Publication
TITRE
Un tribunal ontarien accorde des dommages-intérêts punitifs de 500 000 $ pour congédiement injustifié
DATE
26 avril 2005
EXPERTISE
Le 17 mars 2005, la Cour supérieure de justice de l'Ontario rendait une décision attribuant des dommages-intérêts atteignant l'un des plus importants montants qui se soient jamais vus au Canada dans une affaire relevant du droit du travail. Dans cette décision controversée, Keays v. Honda Canada Inc. ([2005] O.J. No. 1145), M. le juge McIsaac octroyait un total de 24 mois de salaire tenant lieu de préavis de cessation d'emploi ainsi qu'un montant additionnel de 500 000 $ en dommages-intérêts punitifs à un employé ayant 14 ans au service de Honda Canada Inc.; selon le juge, cet employé avait été injustement congédié pour insubordination. Vu l'ampleur sans précédent du montant attribué, la plupart des avocats s'attendaient à ce que cette décision soit portée en appel. Si elle devait être maintenue, elle ouvrirait de nouveaux horizons quant au quantum des dommages-intérêts attribués dans des affaires relevant du droit du travail. En outre, vu que des dommages-intérêts punitifs ont été attribués pour manquement à l'obligation d'adaptation en vertu du Code des droits de la personne de l'Ontario (le « Code »), les plaignants éventuels pourraient préférer une poursuite au civil au dépôt d'une plainte en vertu du Code.
Les faits
Kevin Keays travaillait comme simple employé au service de l'ingénierie de la qualité à l'usine de Honda à Alliston, en Ontario. Keays avait la responsabilité de former ses collègues en ce qui concerne le fonctionnement et l'exploitation du nouveau système informatique mondial de Honda. Après huit années de services exemplaires, Keays a commencé à éprouver des problèmes de santé, que son médecin a diagnostiqués comme étant le syndrome de fatigue chronique (« SFC »). À cause de son état, Keays était souvent absent du travail. Ces absences nuisaient à sa capacité de fournir une assiduité suffisante pour satisfaire aux critères d'exploitation « minceur » de Honda. Sa santé s'est détériorée à tel point que Keays a été absent et bénéficié des programmes d'invalidité à court terme et à long terme pendant une période de deux ans. Il est retourné au travail après l'épuisement de ses prestations d'assurance.
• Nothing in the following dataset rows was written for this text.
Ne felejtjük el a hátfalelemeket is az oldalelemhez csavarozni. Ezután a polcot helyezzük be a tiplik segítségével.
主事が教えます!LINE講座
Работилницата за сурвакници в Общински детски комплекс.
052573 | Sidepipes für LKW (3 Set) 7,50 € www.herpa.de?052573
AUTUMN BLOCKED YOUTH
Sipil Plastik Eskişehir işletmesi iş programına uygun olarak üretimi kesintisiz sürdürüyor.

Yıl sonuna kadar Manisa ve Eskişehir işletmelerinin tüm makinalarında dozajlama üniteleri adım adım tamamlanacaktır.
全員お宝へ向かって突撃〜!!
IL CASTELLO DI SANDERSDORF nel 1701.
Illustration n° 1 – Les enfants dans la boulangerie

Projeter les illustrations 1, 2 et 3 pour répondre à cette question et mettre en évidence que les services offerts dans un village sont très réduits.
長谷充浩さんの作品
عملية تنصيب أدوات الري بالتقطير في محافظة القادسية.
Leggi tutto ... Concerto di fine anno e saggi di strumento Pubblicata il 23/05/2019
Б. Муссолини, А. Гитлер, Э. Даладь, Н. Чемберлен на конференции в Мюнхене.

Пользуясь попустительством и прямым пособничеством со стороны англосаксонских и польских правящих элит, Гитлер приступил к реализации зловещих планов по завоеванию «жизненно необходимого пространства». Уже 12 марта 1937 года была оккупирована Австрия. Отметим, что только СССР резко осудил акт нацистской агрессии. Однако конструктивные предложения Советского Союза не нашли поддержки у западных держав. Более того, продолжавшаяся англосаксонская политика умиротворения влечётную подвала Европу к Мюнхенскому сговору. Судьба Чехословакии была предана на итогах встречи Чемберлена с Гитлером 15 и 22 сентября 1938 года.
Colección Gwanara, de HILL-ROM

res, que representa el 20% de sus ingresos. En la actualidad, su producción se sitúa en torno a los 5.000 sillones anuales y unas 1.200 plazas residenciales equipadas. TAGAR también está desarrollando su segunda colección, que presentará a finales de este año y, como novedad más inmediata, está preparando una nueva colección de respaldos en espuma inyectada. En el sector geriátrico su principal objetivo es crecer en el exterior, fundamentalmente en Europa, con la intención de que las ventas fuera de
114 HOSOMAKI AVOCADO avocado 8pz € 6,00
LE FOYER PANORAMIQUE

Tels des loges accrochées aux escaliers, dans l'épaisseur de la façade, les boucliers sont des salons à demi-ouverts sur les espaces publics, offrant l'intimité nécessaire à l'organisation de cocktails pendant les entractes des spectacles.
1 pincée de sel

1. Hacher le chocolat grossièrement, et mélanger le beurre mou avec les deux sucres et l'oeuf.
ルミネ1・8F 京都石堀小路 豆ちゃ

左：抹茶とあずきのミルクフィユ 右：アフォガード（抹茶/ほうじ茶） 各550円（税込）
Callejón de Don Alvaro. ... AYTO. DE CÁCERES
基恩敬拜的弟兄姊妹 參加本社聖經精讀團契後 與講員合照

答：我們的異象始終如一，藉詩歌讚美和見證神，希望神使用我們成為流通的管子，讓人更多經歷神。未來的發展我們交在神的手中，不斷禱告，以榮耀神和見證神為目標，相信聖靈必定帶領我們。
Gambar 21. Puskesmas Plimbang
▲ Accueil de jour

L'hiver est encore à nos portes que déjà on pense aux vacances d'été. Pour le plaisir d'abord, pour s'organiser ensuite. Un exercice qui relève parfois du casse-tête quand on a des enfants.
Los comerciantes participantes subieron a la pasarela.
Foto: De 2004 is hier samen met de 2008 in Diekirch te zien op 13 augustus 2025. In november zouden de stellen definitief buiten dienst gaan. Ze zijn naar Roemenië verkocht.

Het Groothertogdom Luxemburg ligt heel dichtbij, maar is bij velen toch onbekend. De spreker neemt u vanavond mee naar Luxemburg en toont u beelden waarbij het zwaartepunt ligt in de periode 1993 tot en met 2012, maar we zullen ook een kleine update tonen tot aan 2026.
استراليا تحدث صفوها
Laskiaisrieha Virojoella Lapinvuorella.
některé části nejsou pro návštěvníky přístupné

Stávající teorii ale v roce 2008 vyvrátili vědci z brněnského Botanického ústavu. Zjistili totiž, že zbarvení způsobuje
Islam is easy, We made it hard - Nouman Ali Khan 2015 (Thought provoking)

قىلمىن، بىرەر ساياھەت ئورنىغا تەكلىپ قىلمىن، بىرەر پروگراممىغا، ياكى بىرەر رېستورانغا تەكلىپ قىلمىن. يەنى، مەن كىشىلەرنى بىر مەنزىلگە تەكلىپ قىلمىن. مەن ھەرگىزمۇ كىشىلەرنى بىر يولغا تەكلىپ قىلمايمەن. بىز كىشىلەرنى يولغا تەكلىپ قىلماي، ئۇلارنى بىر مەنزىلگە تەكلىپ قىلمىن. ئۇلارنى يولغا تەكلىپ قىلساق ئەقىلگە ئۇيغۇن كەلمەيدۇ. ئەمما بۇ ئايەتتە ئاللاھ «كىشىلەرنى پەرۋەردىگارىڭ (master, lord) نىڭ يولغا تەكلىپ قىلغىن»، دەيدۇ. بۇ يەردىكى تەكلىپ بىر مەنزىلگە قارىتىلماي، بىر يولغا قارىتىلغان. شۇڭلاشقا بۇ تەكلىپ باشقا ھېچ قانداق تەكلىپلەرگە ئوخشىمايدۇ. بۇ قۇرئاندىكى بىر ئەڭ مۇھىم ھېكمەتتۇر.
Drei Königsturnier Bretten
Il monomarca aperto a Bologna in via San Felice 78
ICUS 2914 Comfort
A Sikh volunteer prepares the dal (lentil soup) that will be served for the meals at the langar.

Revenu au travail, Keays a continué de s'absenter régulièrement. En conséquence, il a fait l'objet d'un « suivi » sous forme de rapport écrit, première étape du programme de gestion de l'assiduité de Honda. Lorsque Keays s'est plaint du fait que sa maladie l'empêchait de satisfaire aux attentes de Honda en matière d'assiduité, on l'a informé de l'existence d'un programme qui soustrayait les employés aux mesures disciplinaires reliées à l'assiduité s'ils avaient un handicap reconnu par le Code. Ce programme d'accommodement exigeait également que Keays justifie chacune de ses absences au moyen d'une note de son médecin. Entre-temps, Keays a retenu les services d'un conseiller juridique, et le nombre de ses absences a continué de croître.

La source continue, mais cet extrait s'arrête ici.